Расстрельная команда в закрытом дворике гауптвахты с чувством перекуривала. Солдаты обеспокоенно прислушивались к звукам приближающегося боя. Похоже, фашисты наседали с севера. Звуки разрывов сливались в сплошную какофонию. Голосили крупнокалиберные пулеметы. Где-то высоко, над кучевыми облаками, ревели истребители – и уши, в которых стоял заупокойный колокольный звон, отказывались понимать, чьи они. Принципиальное различие «свой-чужой» переставало выглядеть таким уж вопиющим.
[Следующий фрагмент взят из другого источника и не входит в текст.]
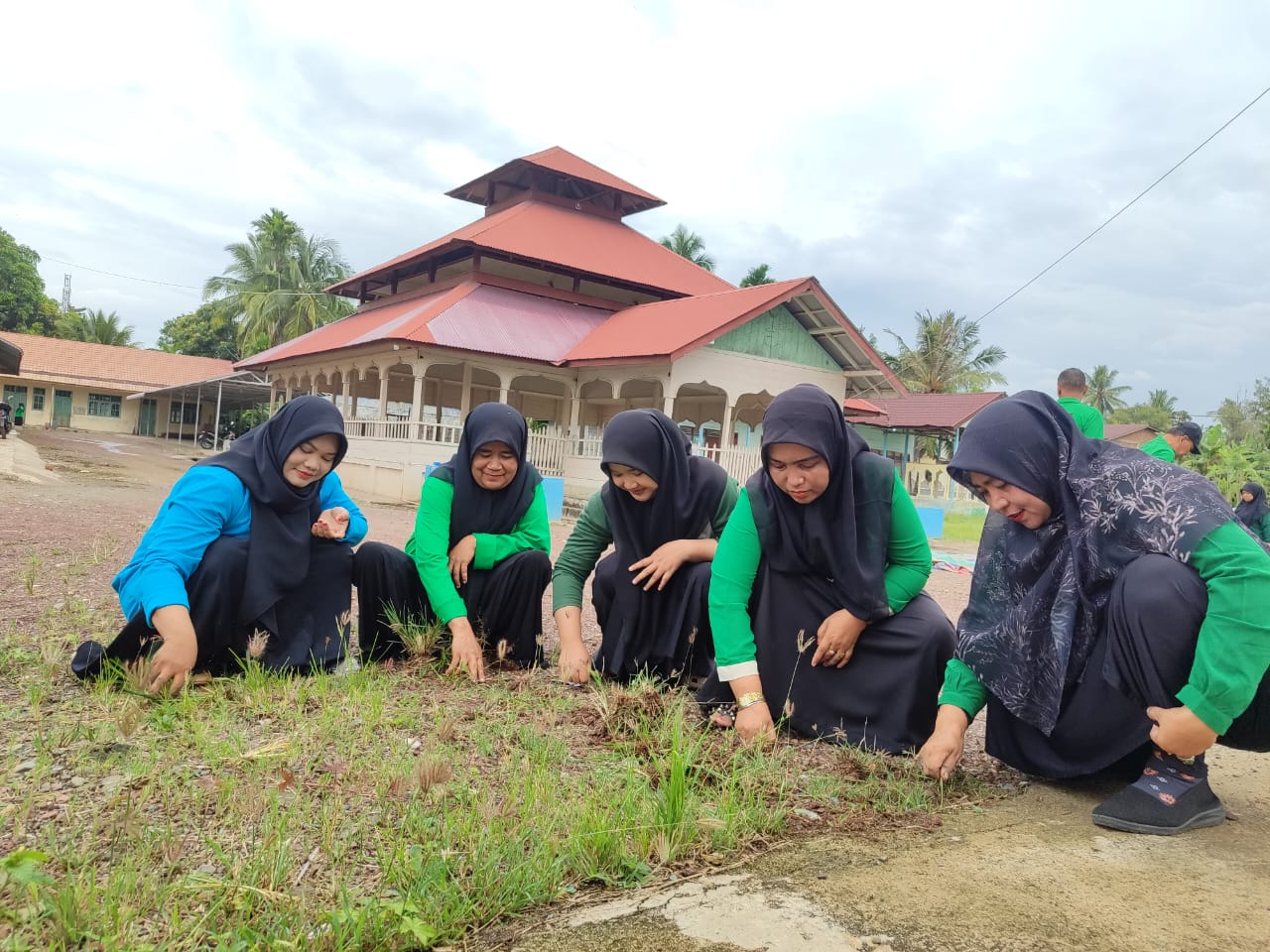 Dewan Guru MIN 6 Aceh Besar sedang membersihkan halaman Masjid At Taqwa Lampupok Kecamatan Indrapuri, dalam kegiatan Gerakan Bersama (GEBER) Bersih-Bersih Masjid (BBM). Senin (16/02/2026). FOTO/HERMAN
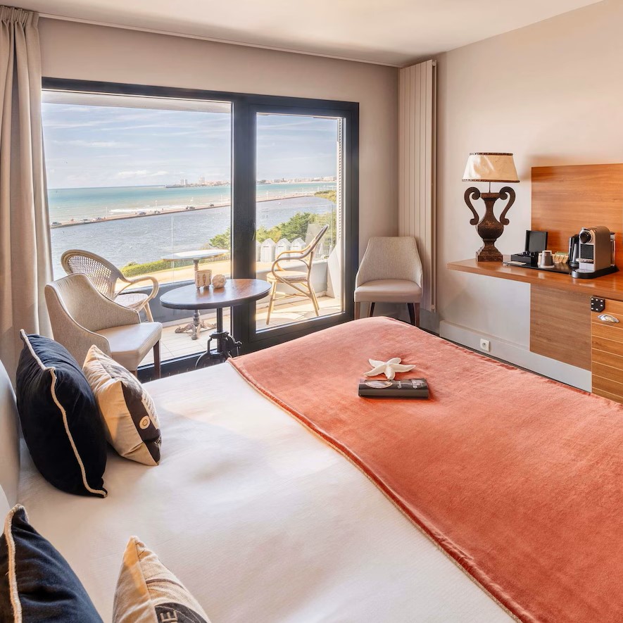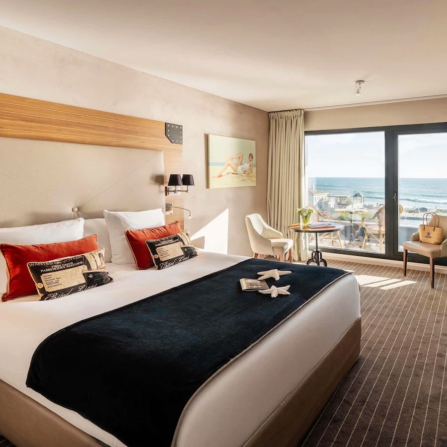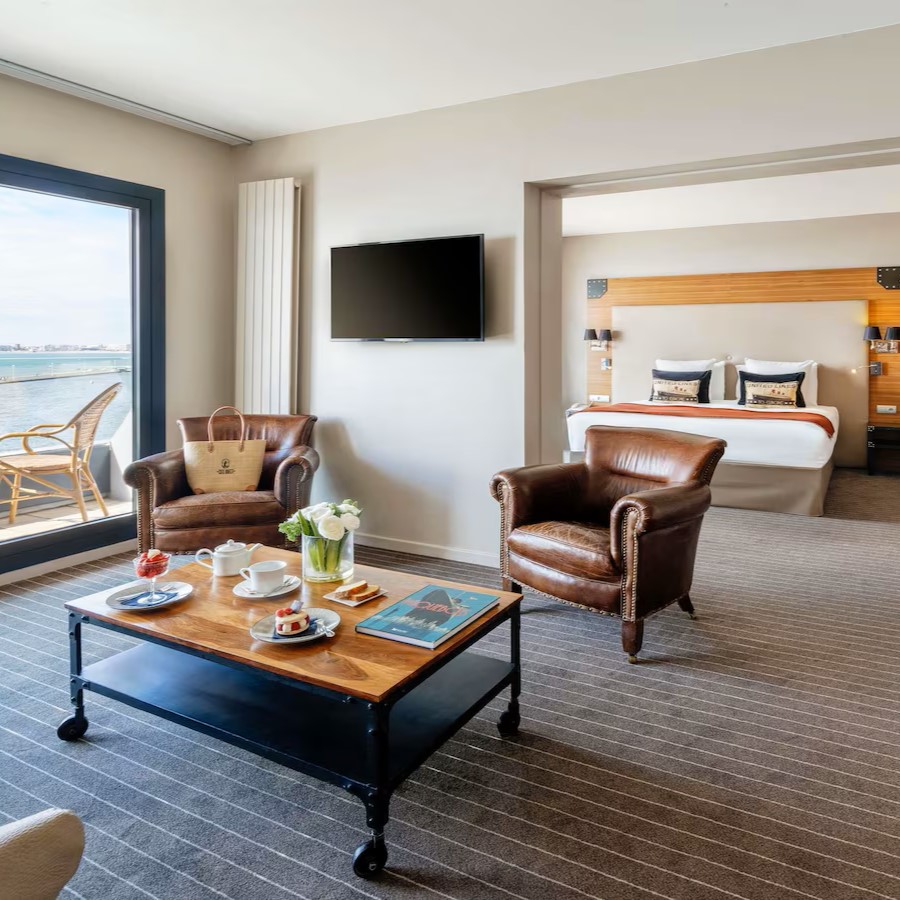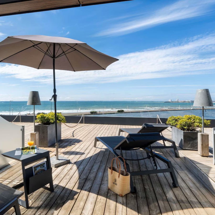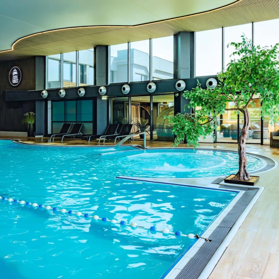 Côte Ouest Thalasso doesn’t just look across the Atlantic Ocean, it feels like you might be sailing across it with its 1930s ocean liner-inspired design. Rooms and suites take their cues from ocean liner cabins and come with a mix of bay windows and balconies to highlight the views of either the water or surrounding forest. The theme continues in Bar Cote Ouest, furnished with leather-clad armchairs and nautical touches, while restaurant Cote Ouest naturally serves a seafood-driven menu that changes according to daily catches from the local market. It’s the Thalasso center that’s the highlight though, a vast 1500 sqm wellness space specialized in thalassotherapy and fully equipped with heated indoor and outdoor seawater pools, Jacuzzis, numerous treatment rooms, including three overlooking the ocean, plus a gym, hammam, sauna, and aromatherapy room.

   – Ста-ановись! – перехватил взгляд присутствующего лейтенанта «умудренный» расстрелами сержант с орденом боевого Красного Знамени на груди. Полученного, разумеется, за особую храбрость, самоотверженность и мужество, проявленные при защите социалистического Отечества.
   Зорин стоял крайним справа, касаясь руками, заведенными за спину, холодной кирпичной стены. А высота-то – не более двух метров. Если хорошенько подпрыгнуть, схватиться за гребень, сгруппироваться…
   Он мог бы одолеть эту стену, и даже шанс имелся – пока эти «профессиональные» расстрельщики очухаются, да начнут дергать затворами своих десятизарядных СВТэшек… Маленький шанс, но имелся. В отличие от «стенки», где шансов, как известно, никаких. Но почему-то не хотелось. Устал разведчик. К черту войну. Умрет предателем, да и ладно, мертвому без разницы. Ну, одолеет он этот забор – и куда? Сдаваться немцам? Ни за что. Податься в робинзоны, скитаться по польским и украинским лесам, запинаясь о леших и бандеровцев? Романтично, конечно, но…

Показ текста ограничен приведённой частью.